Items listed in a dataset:

◆ ◆ ◆ ◆ ◆ ◆ ◆

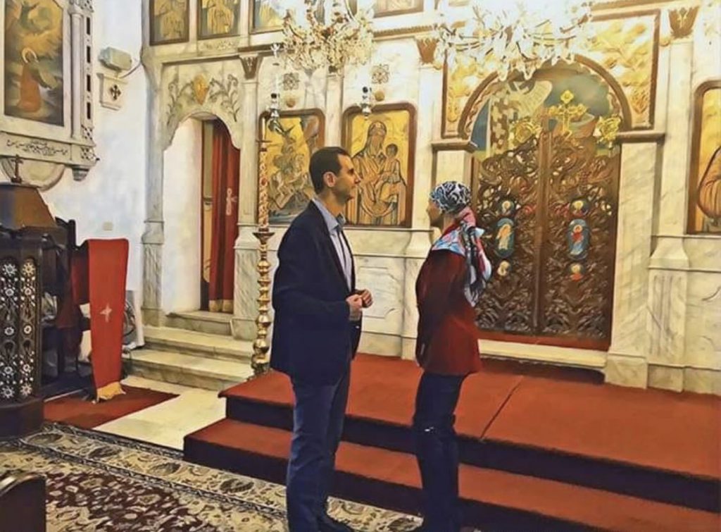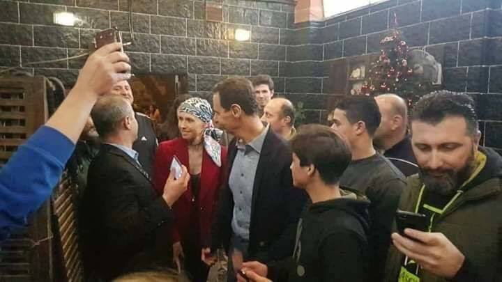 وظهرت أسماء الأسد رفقة زوجها بشار، السبت، في مدينة طرطوس والتقيا المواطنين فى كنسية بقرية “السودا” التابعة للمدينة بالتزامن مع احتفالات راس السنة.
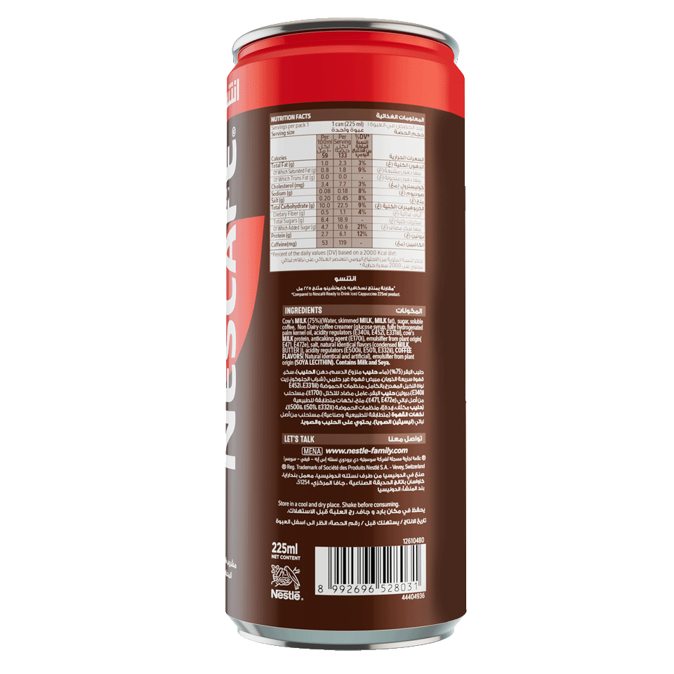 تحتوي قهوة نسكافيه® المثلجة عالماشي على اللاكتوز حيث أن الحليب هو إحدى مكوناتها.
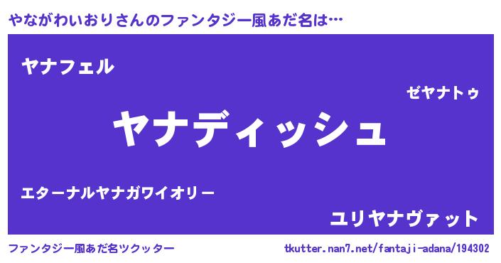 | ヘコむあだ名 | 『やながわいおり(笑)』『やなふぇ~』 |
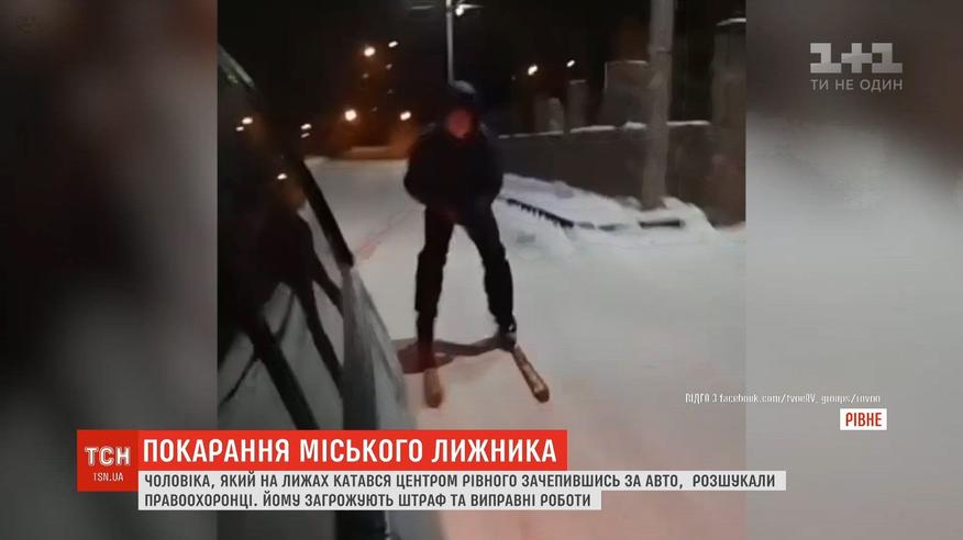 Копы нашли мужчину, который катался на лыжах по улицам Ровно, зацепившись за авто
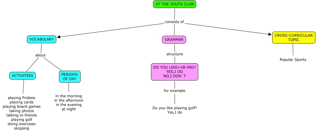 Este Cmap, tiene información relacionada con: AT THE YOUTH CLUB (Andrea y Paco), VOCABULARY about PERIODS OF DAY, ACTIVITIES ???? playing Frisbee playing cards playing board games taking photos talking to friends playing golf doing exercises skipping, VOCABULARY about ACTIVITIES, PERIODS OF DAY ???? in the morning in the afternoon in the evening at night, AT THE YOUTH CLUB consists of CROSS-CURRICULAR TOPIC, GRAMMAR structure DO YOU LIKE+VB-ING? YES,I DO NO,I DON´T, AT THE YOUTH CLUB consists of VOCABULARY, DO YOU LIKE+VB-ING? YES,I DO NO,I DON´T for example Do you like playing golf? Yes,I do, CROSS-CURRICULAR TOPIC ???? Popular Sports, AT THE YOUTH CLUB consists of GRAMMAR
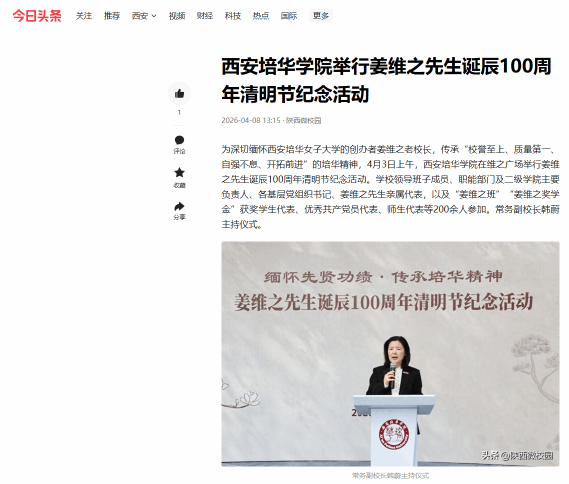 百年薪火,赓续不绝;教育报国,初心如磐。姜维之先生以一生践行 “人生的价值在于奉献” 的崇高信念,其精神早已沉淀为培华最深厚的文化基因,融入一代代培华人的血脉肌理。站在新的历史坐标上,西安培华学院始终以先生精神为指引,锚定 “强本申硕” 高质量发展航向,在民办高等教育的沃土上深耕细作、笃行不怠。全体培华人将以此次百年诞辰纪念活动为新的契机,承先生之遗志、扬奋进之风帆,在建设特色鲜明的高水平应用型民办大学的征程上勇毅前行,为中国高等教育事业的蓬勃发展注入更多培华力量、贡献更多培华智慧。

◆ ◆ ◆ ◆ ◆ ◆ ◆

Required action:
Repeat the entries exactly. Any picture is to be left out.

Result of this exercise:
 وظهرت أسماء الأسد رفقة زوجها بشار، السبت، في مدينة طرطوس والتقيا المواطنين فى كنسية بقرية “السودا” التابعة للمدينة بالتزامن مع احتفالات راس السنة.
 تحتوي قهوة نسكافيه® المثلجة عالماشي على اللاكتوز حيث أن الحليب هو إحدى مكوناتها.
 | ヘコむあだ名 | 『やながわいおり(笑)』『やなふぇ~』 |
 Копы нашли мужчину, который катался на лыжах по улицам Ровно, зацепившись за авто
 Este Cmap, tiene información relacionada con: AT THE YOUTH CLUB (Andrea y Paco), VOCABULARY about PERIODS OF DAY, ACTIVITIES ???? playing Frisbee playing cards playing board games taking photos talking to friends playing golf doing exercises skipping, VOCABULARY about ACTIVITIES, PERIODS OF DAY ???? in the morning in the afternoon in the evening at night, AT THE YOUTH CLUB consists of CROSS-CURRICULAR TOPIC, GRAMMAR structure DO YOU LIKE+VB-ING? YES,I DO NO,I DON´T, AT THE YOUTH CLUB consists of VOCABULARY, DO YOU LIKE+VB-ING? YES,I DO NO,I DON´T for example Do you like playing golf? Yes,I do, CROSS-CURRICULAR TOPIC ???? Popular Sports, AT THE YOUTH CLUB consists of GRAMMAR
 百年薪火,赓续不绝;教育报国,初心如磐。姜维之先生以一生践行 “人生的价值在于奉献” 的崇高信念,其精神早已沉淀为培华最深厚的文化基因,融入一代代培华人的血脉肌理。站在新的历史坐标上,西安培华学院始终以先生精神为指引,锚定 “强本申硕” 高质量发展航向,在民办高等教育的沃土上深耕细作、笃行不怠。全体培华人将以此次百年诞辰纪念活动为新的契机,承先生之遗志、扬奋进之风帆,在建设特色鲜明的高水平应用型民办大学的征程上勇毅前行,为中国高等教育事业的蓬勃发展注入更多培华力量、贡献更多培华智慧。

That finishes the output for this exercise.